Summary: | Teacher Agency (TA) research has gained traction in the last few decades, but Higher Education Teacher Agency (HETA) research is scarce in the Global South. This study aimed to explore how university English teachers in Sri Lanka navigate workplace affordances and restraints in their agency enactment. This study utilized a narrative case study design and data from semi-structured conversation- like interviews with 6 participants. A narratively- driven thematic analysis using an ecological approach to agency facilitated the study.
Several affordances and restraints in the examined university context were identified and the findings reflected the dialectical nature of affordances and restraints that moved along a continuum.
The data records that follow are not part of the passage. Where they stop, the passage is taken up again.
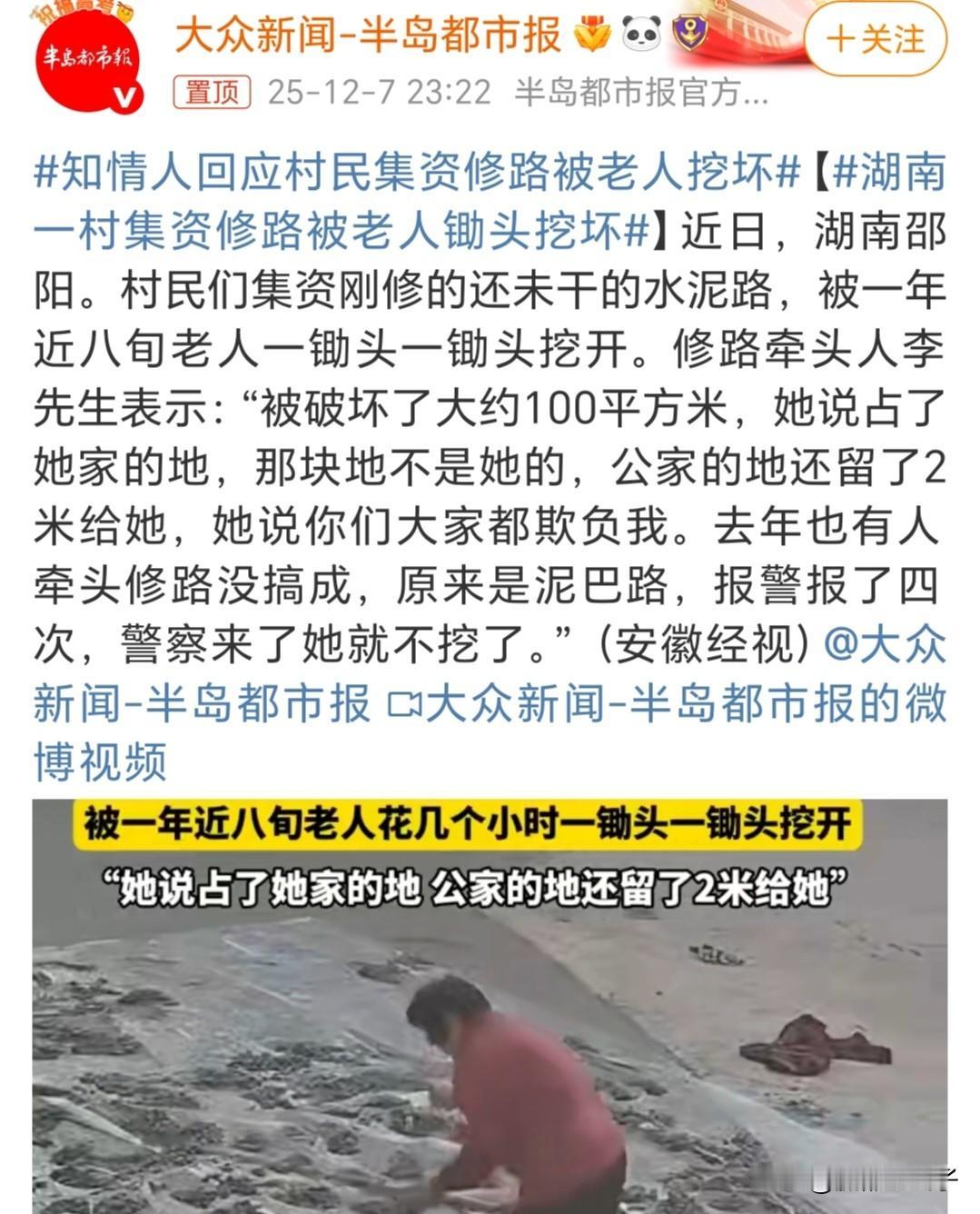 湖南一个村修村里的路,碰上这80多岁的老赖了,非说村里修的路占了她家的地。 刚铺上的水泥还没干,她就拿锄头给刨了,警察来了4次也没用,这么大年龄,碰也碰不得,抓了她谁养着呀? 对付这种老赖还得是老办法才管用,通知她的子女,最好是儿子,最好他儿子已经有小孩了。 就直接说如果老人再破坏公物,就会变成老赖,未来会影响孙子孙女的升学、考公务员和事业单位、参军。 放心吧,这老太太的儿媳妇一晚上就能把她给捋顺了,百试百灵。如果是只有女儿,方法一样,闺女收拾妈也是一样的。
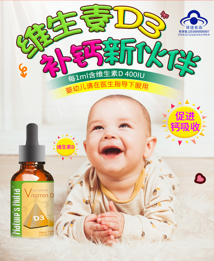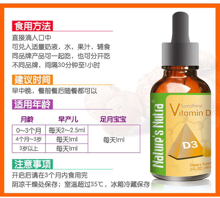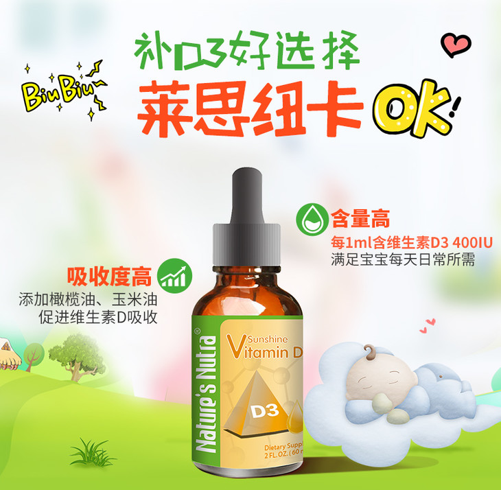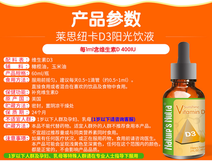 美国莱思纽卡维生素D3滴剂60ml(莱思纽卡任选2个包邮)
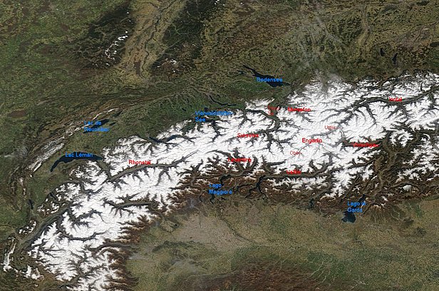 Vor den Niederschlägen vom Mittwoch, 03.04. und Donnerstag, 04.04. lagen die Schneegrenzen an Nordhängen in den nördlichen Schweizer Alpen sowie im Jura bei 1000 bis 1400 m, in den südlichen Schweizer Alpen bei 1600 bis 1800 m. An Südhängen lagen die Schneegrenzen rund 500 m höher (Abbildung 4). Die Durchfeuchtung der Altschneedecke war an steilen Südhängen bis auf rund 3000 m, an Ost- und Westhängen bis auf rund 2300 m fortgeschritten. An Nordhängen war die Altschneedecke noch meist trocken. In Abbildung 5 sind die Schneehöhen auf 2000 m am Donnerstagmorgen, 04.04. dargestellt. Sie lagen besonders in den zentralen und östlichen Gebieten der Schweizer Alpen deutlich über dem Durchschnitt.

When exploring the three dimensions of the ecological framework, the practical evaluative dimension, (here and now’) emerged as the most dominant dimension that influenced participants’ agency enactment. University English teachers navigated workplace affordances and restraints in a dynamic way and enacted agency as an immediate response to emergent situations in their workplace instead of drawing on their histories. The study also observed a lack of critical reflection in participants’ agency enactment.
The dominant role played by the workplace environment in participants’ agency enactment contrasted with previous empirical studies that highlighted the interplay between all three ecological dimensions. The study provides useful insights into institutional policies and practices that foster or restrain agency enactment in university contexts and presents avenues for future research.